I’m the Mam who plans out my family’s tea for the week. That way I know what I need when I do the weekly shop. I work, I run a business and I have a 2 year old and a husband; the last thing I want to do when I arrive home from work is stand in the kitchen scrapping around for something to make for tea. It’s great to have a plan. However, at the moment my aversion to so many foods is growing by the day and sometimes I just can’t stand the sight of that chicken breast or stuffed mushroom!

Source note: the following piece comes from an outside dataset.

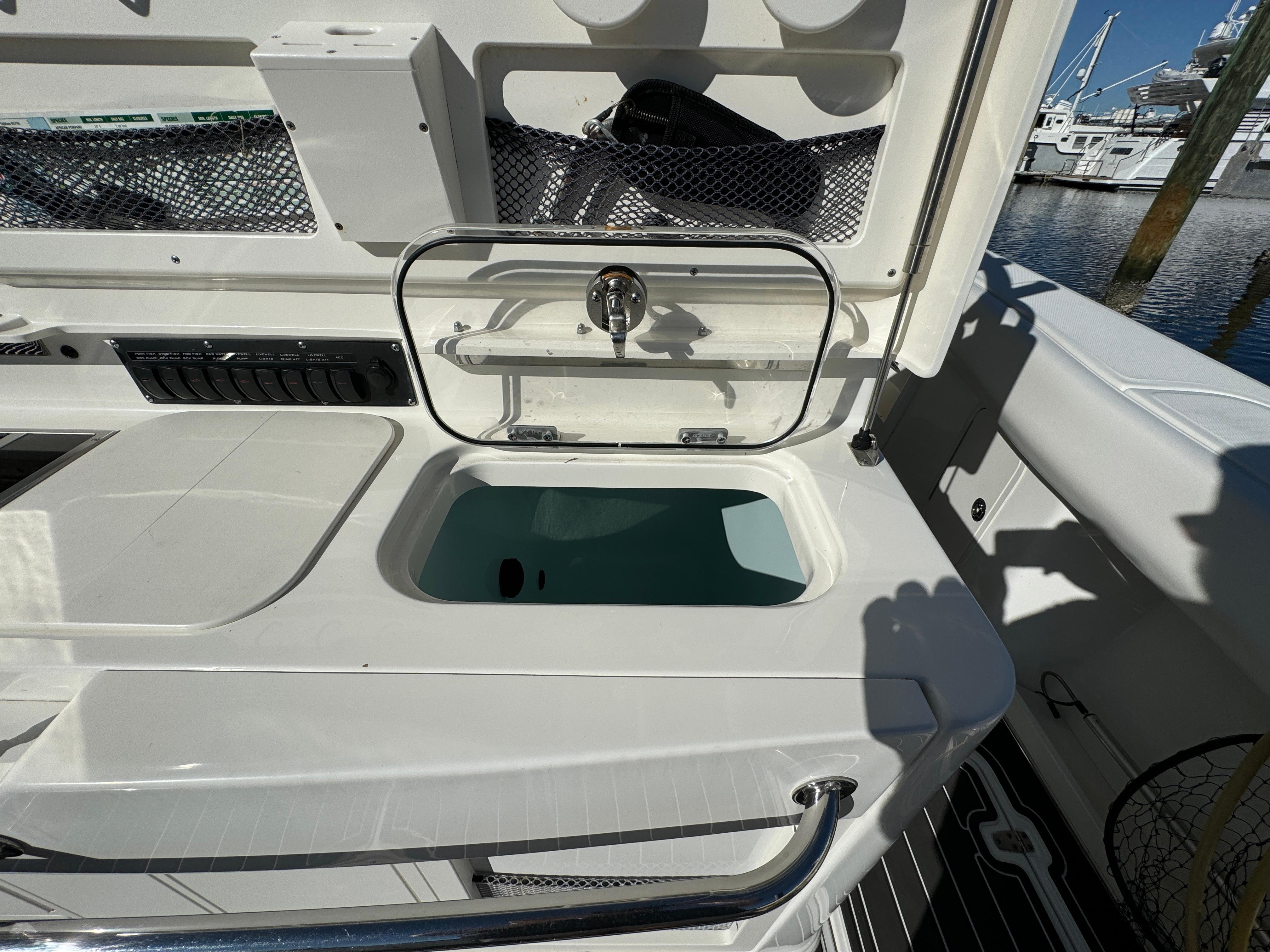- Pressurized aerated livewell (24-gallon) with clear top window and blue interior in aft port corner

This particular week, my 8th week of pregnancy, I forced a salmon fillet down my neck one evening, wretching all the way, because it was on my plan for the night….I stick to the plan….and its healthy….but most of all I was too exhausted to think of an alternative. The next night I planned a very lovely Mediterranean vegetable and pesto tart with couscous and garlic bread. I almost barfed as I handed my garlic bread over to my husband and took about half an hour to force the veggie tart thing into my mouth; the couscous remained untouched.
Then finally, the next evening, I cracked. I couldn’t bear the thought of my planned meal of salmon and spinach fish cakes with veg and rice. I told my husband that was it, we’re having fish fingers beans and chips, I’ve never seen him so happy! My 2 year old was ecstatic and I’ve got to tell you it was the best thing I have tasted….EVER!! I felt momentary guilt at the thought of not giving my growing baby (and my toddler) the best of the best healthy food. But then I gave my head a shake and thought; hang on a minute, my toddler is happy (ecstatic in fact), I don’t have any aversion to this meal and it tastes amazing. I told myself to stop being a tit!
So let’s put it this way, go easy on yourself ladies!! Everything in moderation. When you feel like absolute crap or that you feel so bad you might just have to crawl to the kitchen to make yourself a bite to eat – just eat what you can, eat what will give you energy, don’t make yourself miserable and don’t feel guilty. Forcing asparagus and sprouts into your mouth every waking moment for the fear of being branded a bad mam is just plain stupid! Just do your best and balance it out. Eat your fruit on a morning with your breakfast and don’t you dare feel bad about having that pizza for tea or eating those biscuits with your cuppa. Don’t even feel bad after that sneaky maccy d’s you squeezed in on the way home from work. Your baby won’t come out obese and smelling of chip pan fat from one maccy’s! Go easy on yourself! It’s your first trimester and my god is it the hardest. Do your best but don’t force yourself.
Believe it or not your body knows best, if it tells you to drink 4 glasses of milk off the trot, do it! (Yes it happened to me, more than once and I’m sure the milk is making its way straight to my boobs, hello mama’s!). If your body tells you to eat plain no fuss food, do it! If it tells you to eat every hour, do it! You will soon settle down and relax into your second trimester, but for now do what your body tells you and don’t be so hard on yourself, it’s hard enough keeping this amazing news to yourself while staying sane and cracking on with everyday life as normal.
Do your best, everything in moderation, listen to your body! And what a revelation that is!